The import of her statement was not lost on O’Keefe, who was beginning to get an inkling of how long he had been comatose, but for the moment the immediacy of his thirst made slaking it his first priority. He followed his nurse’s instructions, pulling minute amounts of the fluid through the straw and carefully swallowing each one before returning it to his lips for more. Questions mounded over mysteries piled atop conundrums crowded his awareness, none with rational answers or explanations, but all of that could wait. The fluid his body lusted for was still the only pertinent aspect of his existence for the moment. He brought his lips to the straw over and over until his mouth and throat lost that feeling of being friable wastelands before finally laying his head back against his pillow and ignoring the offered straw.

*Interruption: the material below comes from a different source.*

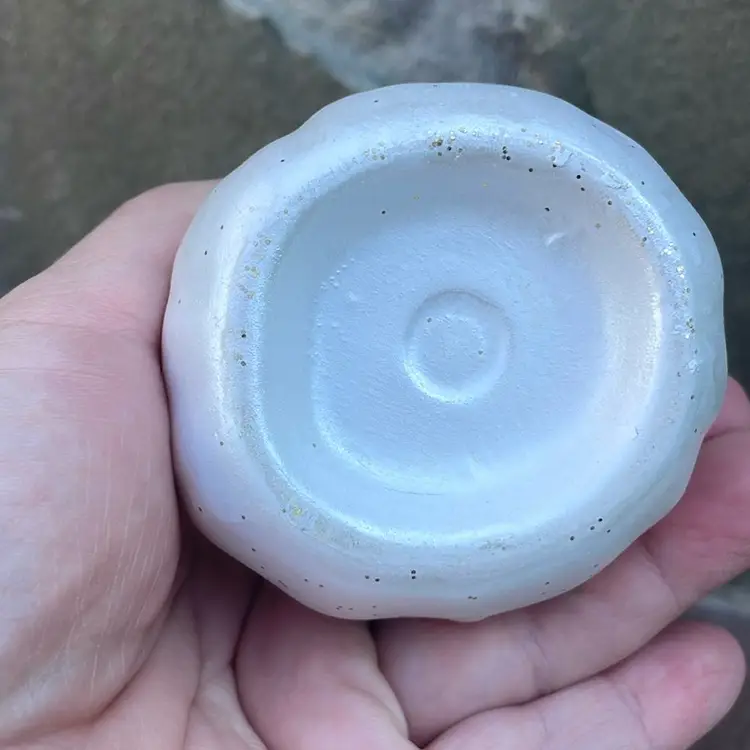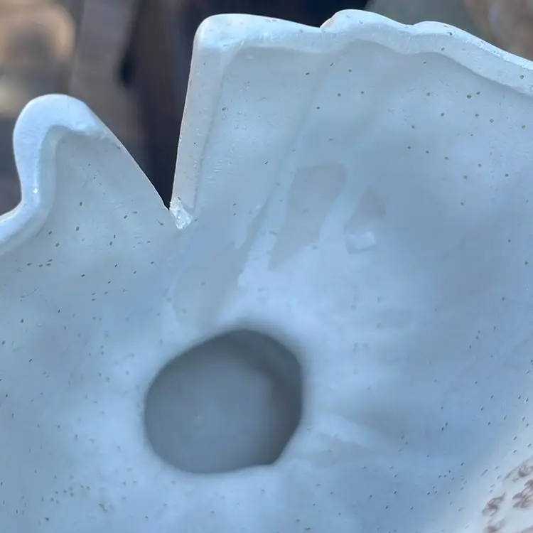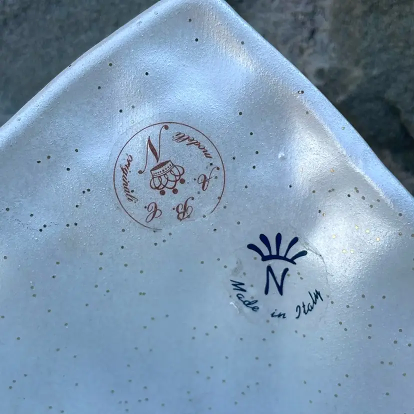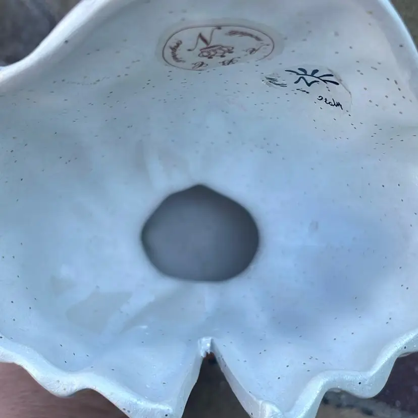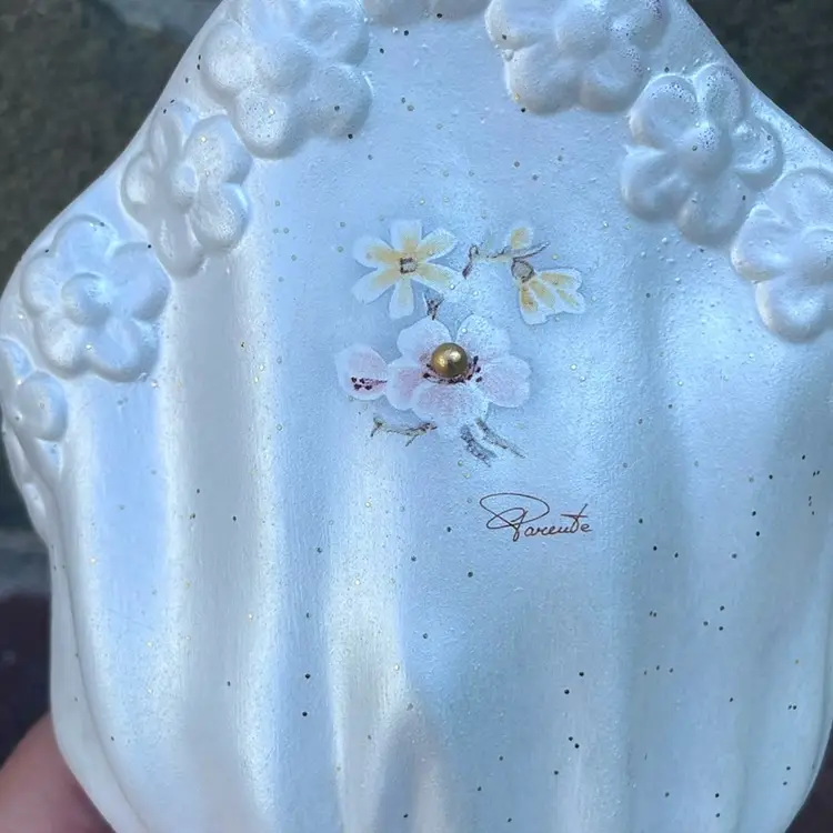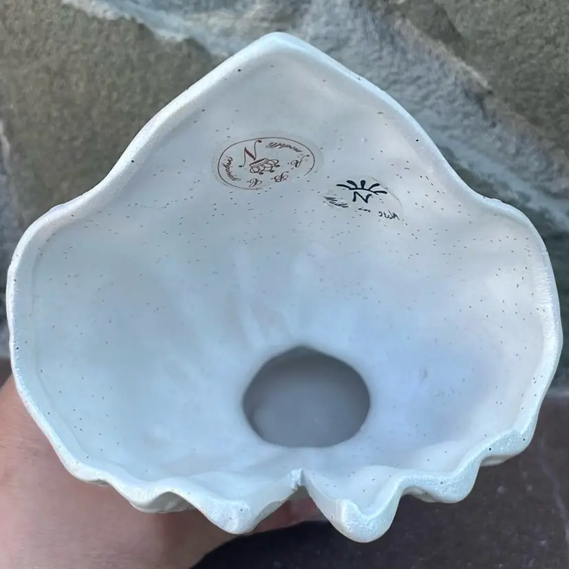 Vintage Italian Vase in Pearl White Touched With Gold Speckles Flower detailed Gold Center - Signed
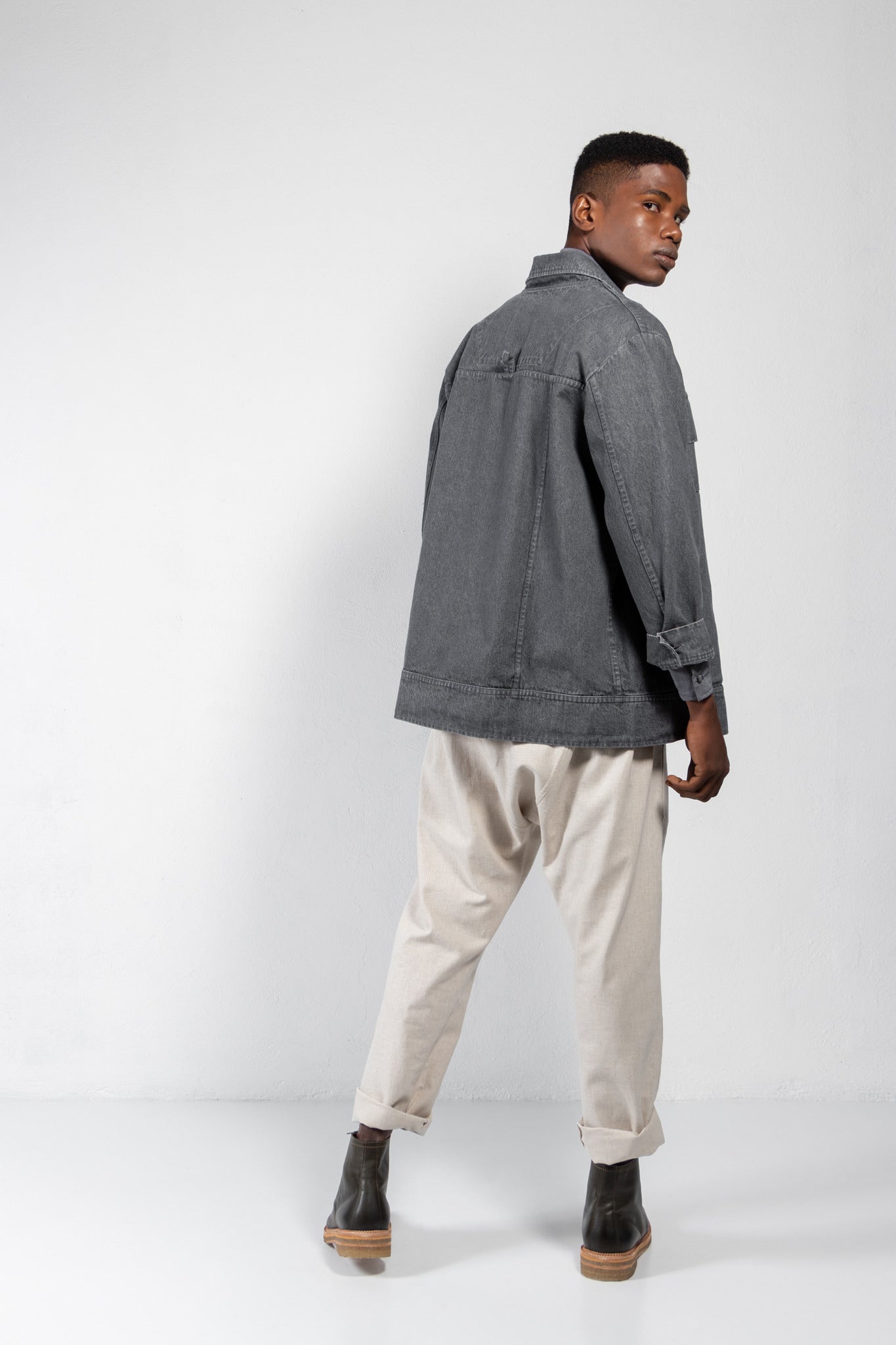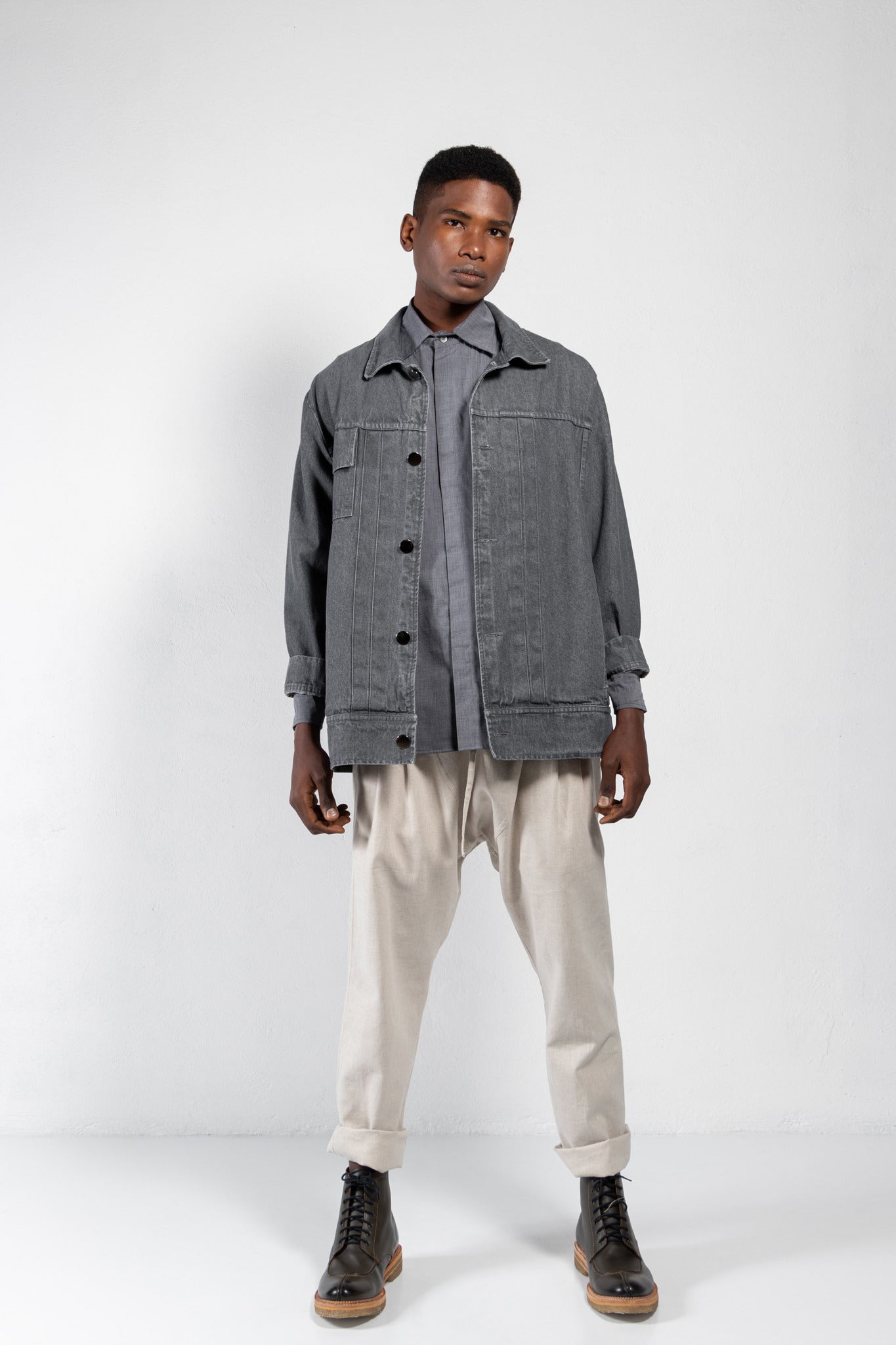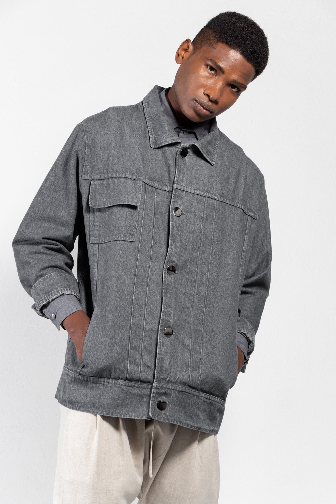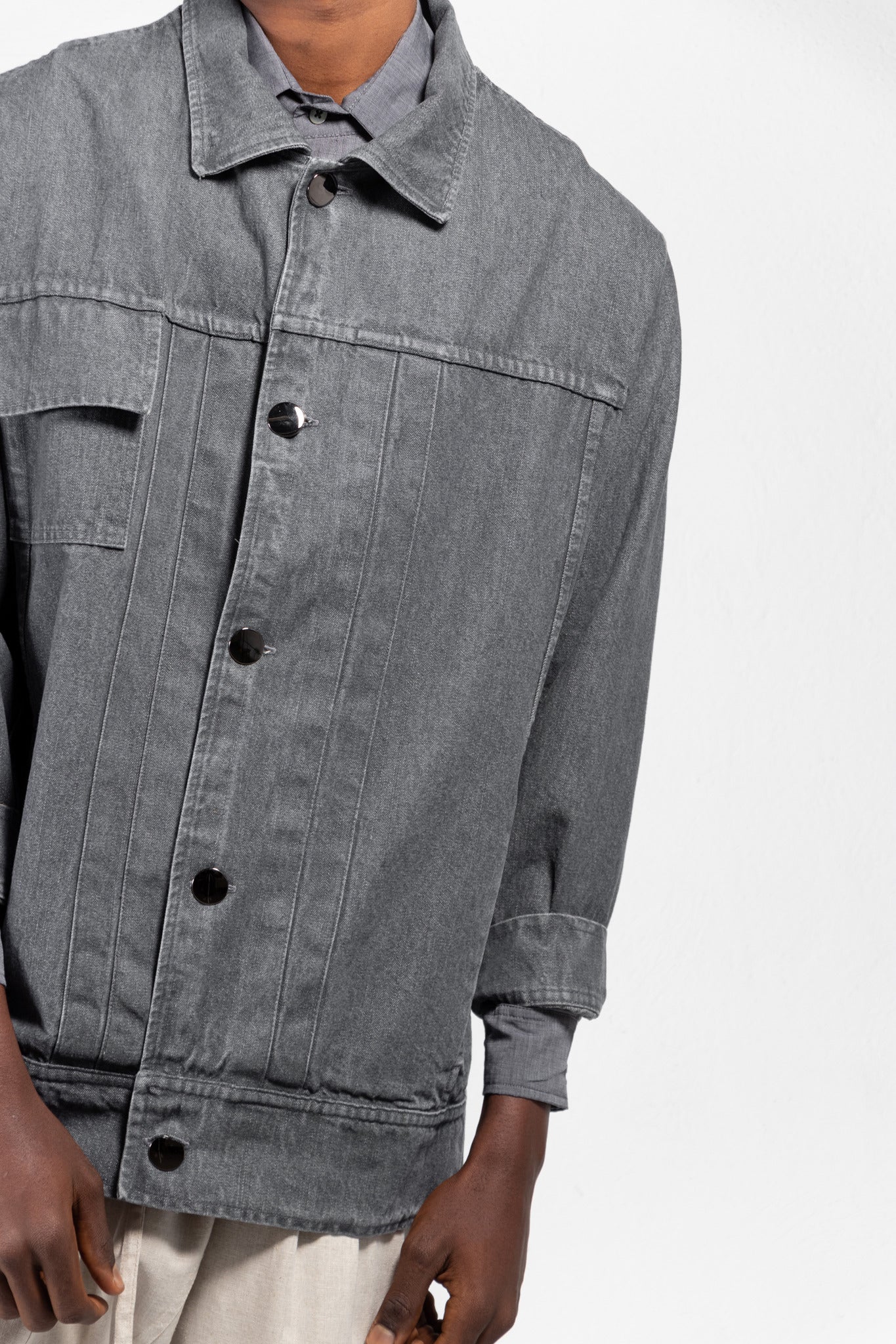 Chaqueta vaquera lavada con pliegues en el frente Plúmula

“Where am I?” he tried to ask, but the words again felt alien to his tongue, and he could not form the sounds his mind told him to produce. The nurse shushed him, laying two fingers across his lips.

“I know this must be very disconcerting to you, but everything is going to be fine, so please don’t worry. We are going to take extremely good care of you, that I promise.” She gently brushed back a lock of hair that lay across his forehead with a smooth, repetitive stroking motion of her fingers.